Court Opinion

ID: 4483134
Source: CourtListenerOpinion
Date Created: 2020-01-16 21:15:54.7278+00
Date Added: 2024-06-11T15:03:40.229418
License: Public Domain

Scott, J., dissenting: I respectfully disagree with the conclusion of the majority that the $25 license fee paid by petitioner to New York, the $571 paid to take the California bar examination, the $11 for admission to practice before two Federal courts in California, and the $313.35 paid for travel to Washington, via New York, to practice before the United States Supreme Court are properly amortizable over petitioner’s life expectancy. I agree that these expenditures, except for transportation to Washington, via New York, the place of the home of petitioner’s family, are capital expenditures.
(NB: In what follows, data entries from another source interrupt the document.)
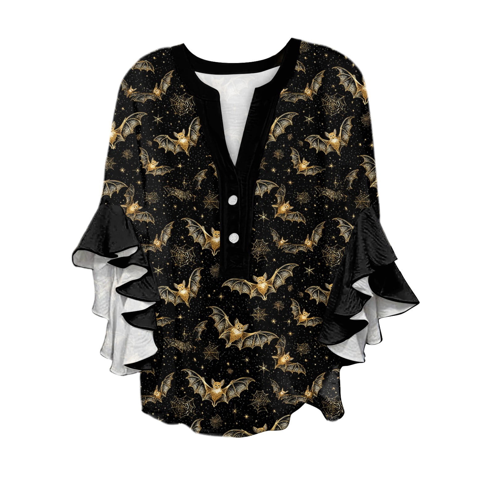 Cute Halloween Tops For Women 3/4 Sleeve V Neck Button Down Shirts
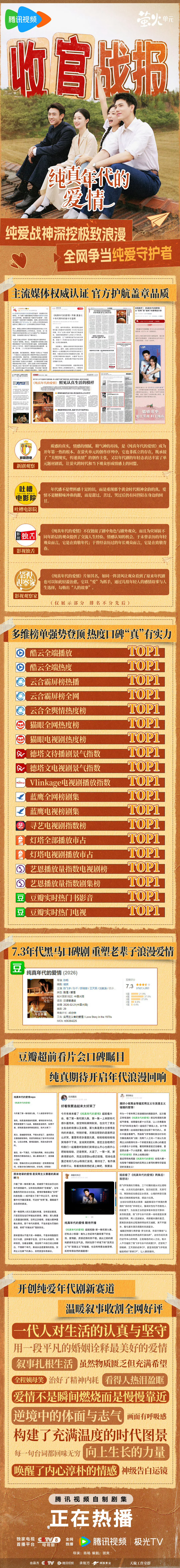 纯真年代的爱情收官战报 陈飞宇 孙千 郭晓婷 王天辰《纯真年代的爱情》收官战报来了,播出成绩好棒,这部剧值得反复观看啊
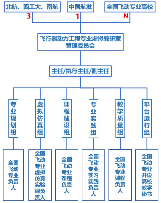 主体、基层教学组织主责”的人才培养工作体系中发挥重要作用。飞行器动力工程专业虚拟教研室自2022年3月正式获批以来,初步构建了“3+1+N”协同育人运行机制,形成了“管委会+行政主任+6个工作组”的组织框架。
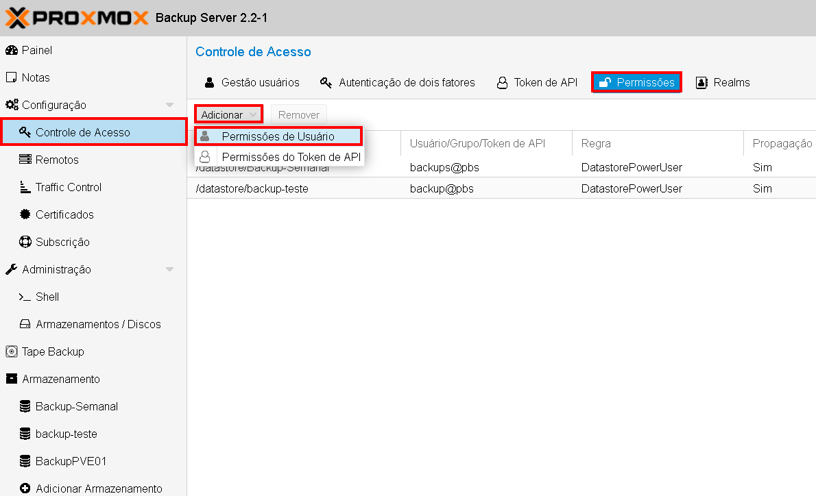 1 – Acesse seu PBS e vá em Armazenamento > Adicionar Armazenamento para criarmos a unidade onde os backups ficarão;
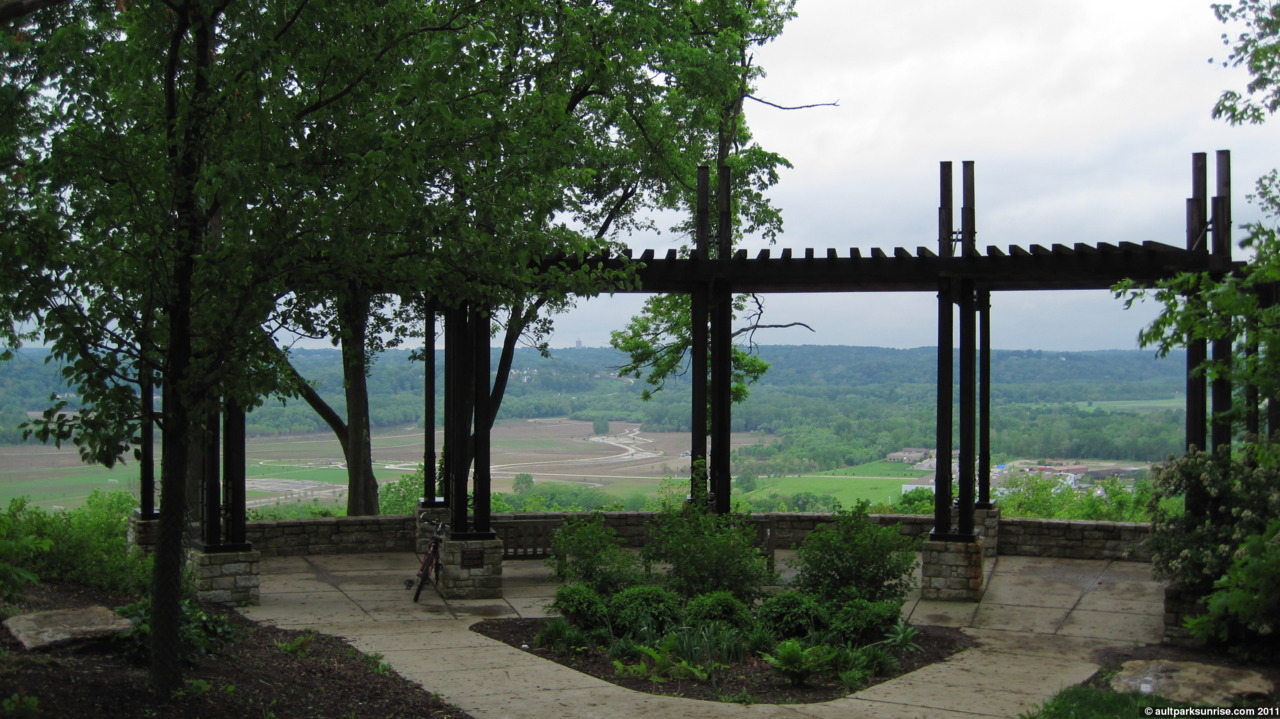 The central overlook in Alms Park looks right down into Lunken Airport and provides probably the best vantage point to seriously watch the planes land and take off from 250ft above the basin. I biked around the small loop in the park, and even went down into the off-the-normal-path reserved area where there is a small shelter. More after the jump
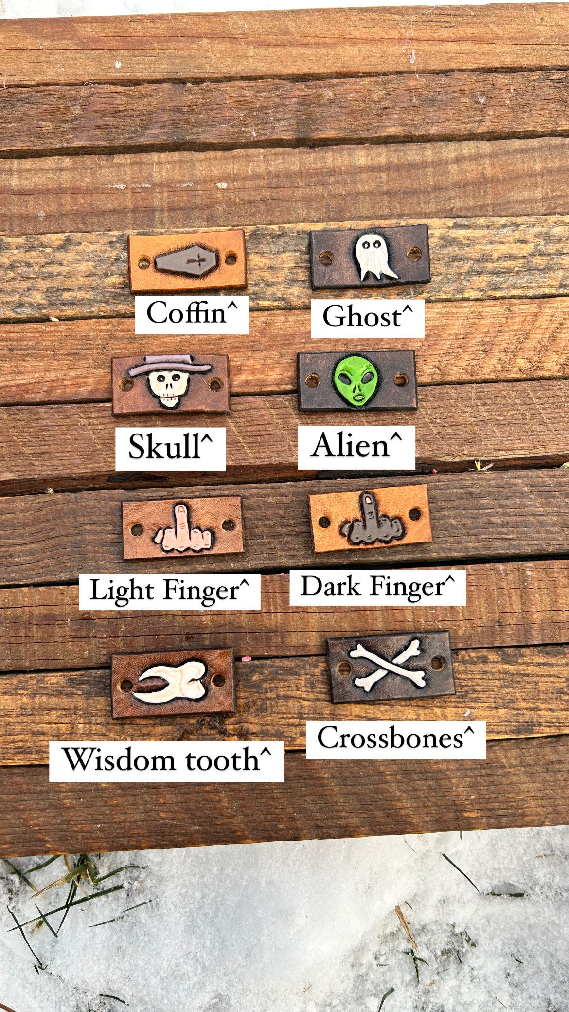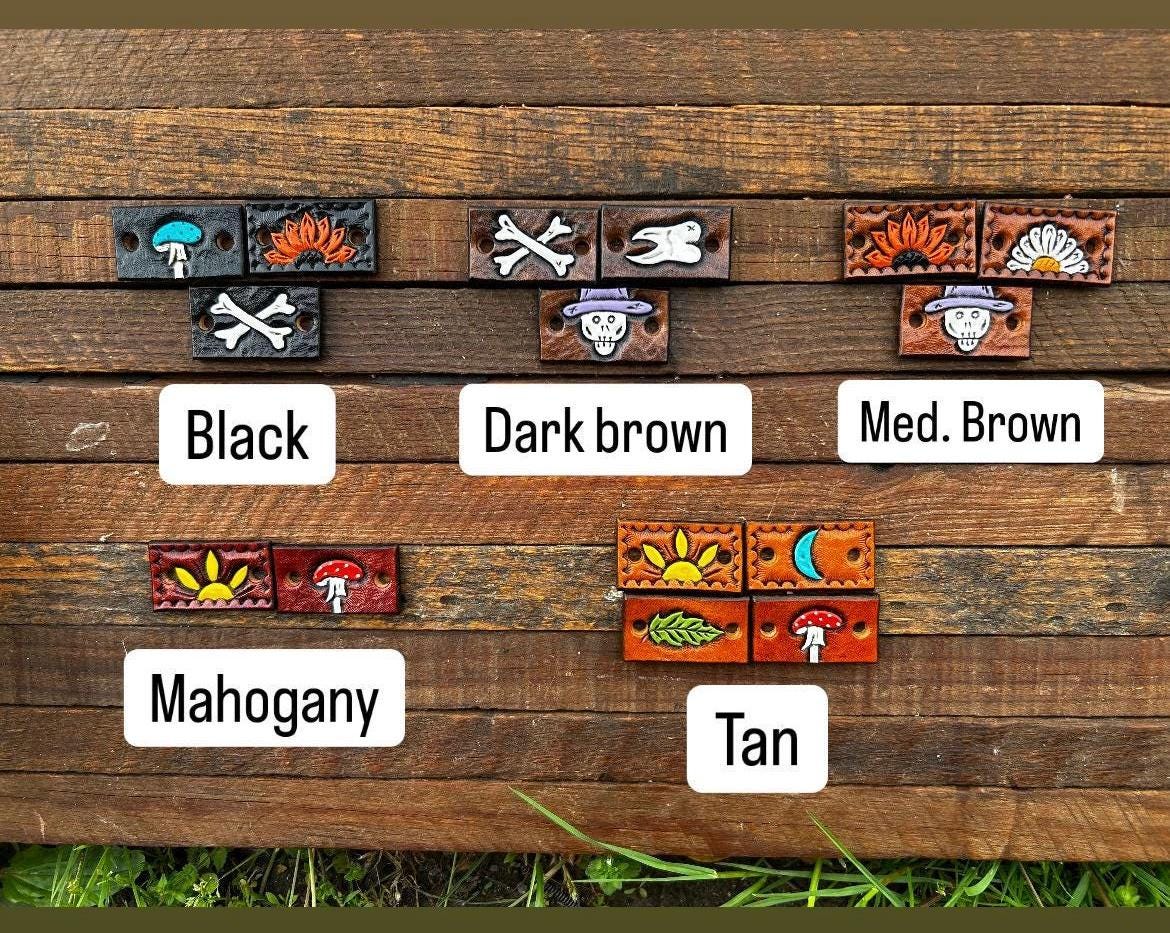 These little beauties are hand tooled and hand painted on full grain leather. Hand crafted in Indiana. Each purchase includes 1 lacelet. Choose your own style & color! These are individually hand painted by mixing paints & hand tooled. Please allow slight color variation & slight differences. (These are not stamped with one large stamp) These are made to order and will ship in 5-10 business days! To see how leather is carved & tooled follow my insta @j_t_leather
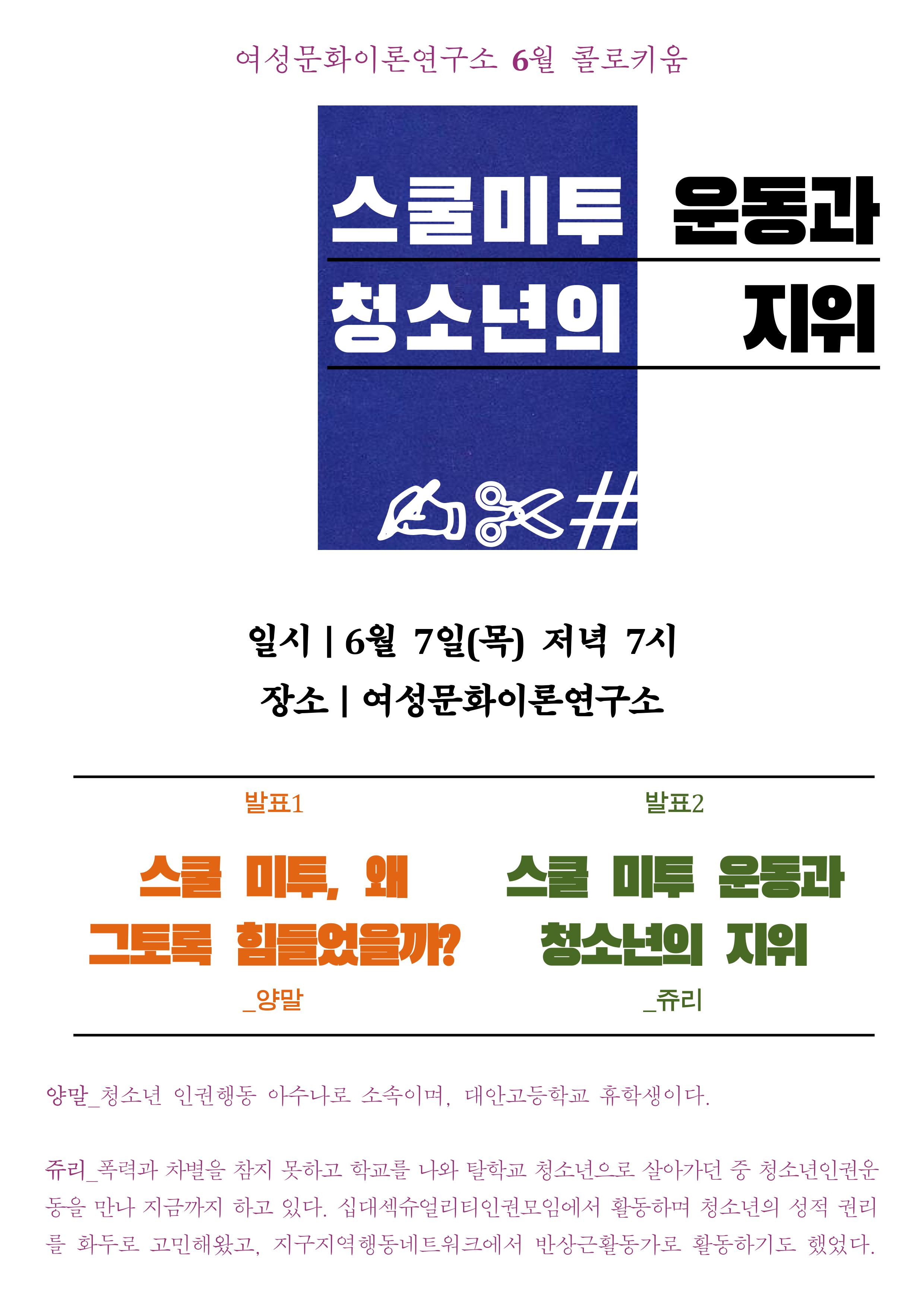 [제84차 콜로키움] 스쿨미투 운동과 청소년의 지위
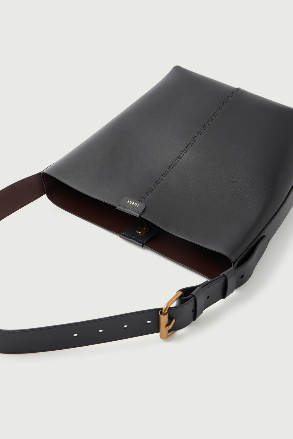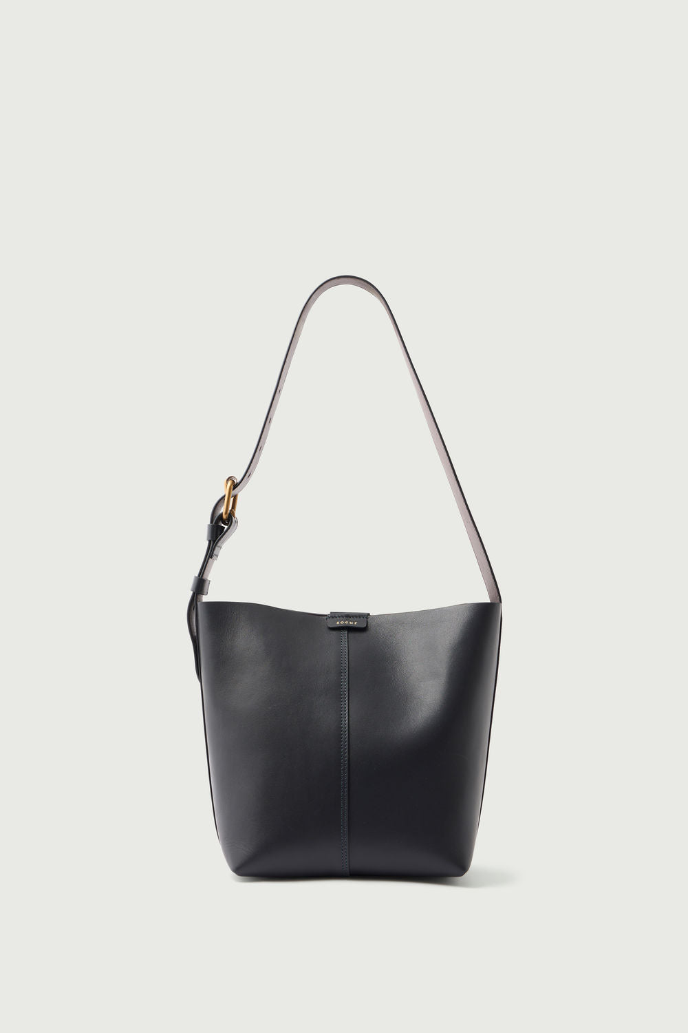 - Two-tone soft leather bucket bag with rectangular base

However there is nothing in this record to show the reasonable useful life of these expenditures. How long petitioner will practice law and where are so conjectural as to cause there to be no way to ascertain the reasonable useful life of the asset petitioner acquired through his capital expenditures. Although respondent apparently makes no contention that the trip to Washington, via New York, when petitioner was admitted to practice before the Supreme Court was personal, the clear inference from the fact that he did go to New York where his family lived before coming to Washington and returned there after he came to Washington is that petitioner went to New York to visit his family and incidentally came to Washington to be admitted to practice before the Supreme Court. However, if the view of the majority, that the cost of travel to Washington, via New York, was properly part of the cost of petitioner’s admission to practice before the Supreme Court, were proper, then this, as the other capital expenditures, should not be amortizable since the useful life of the asset acquired is not reasonably ascertainable. Sterrett, J., agrees with this dissent.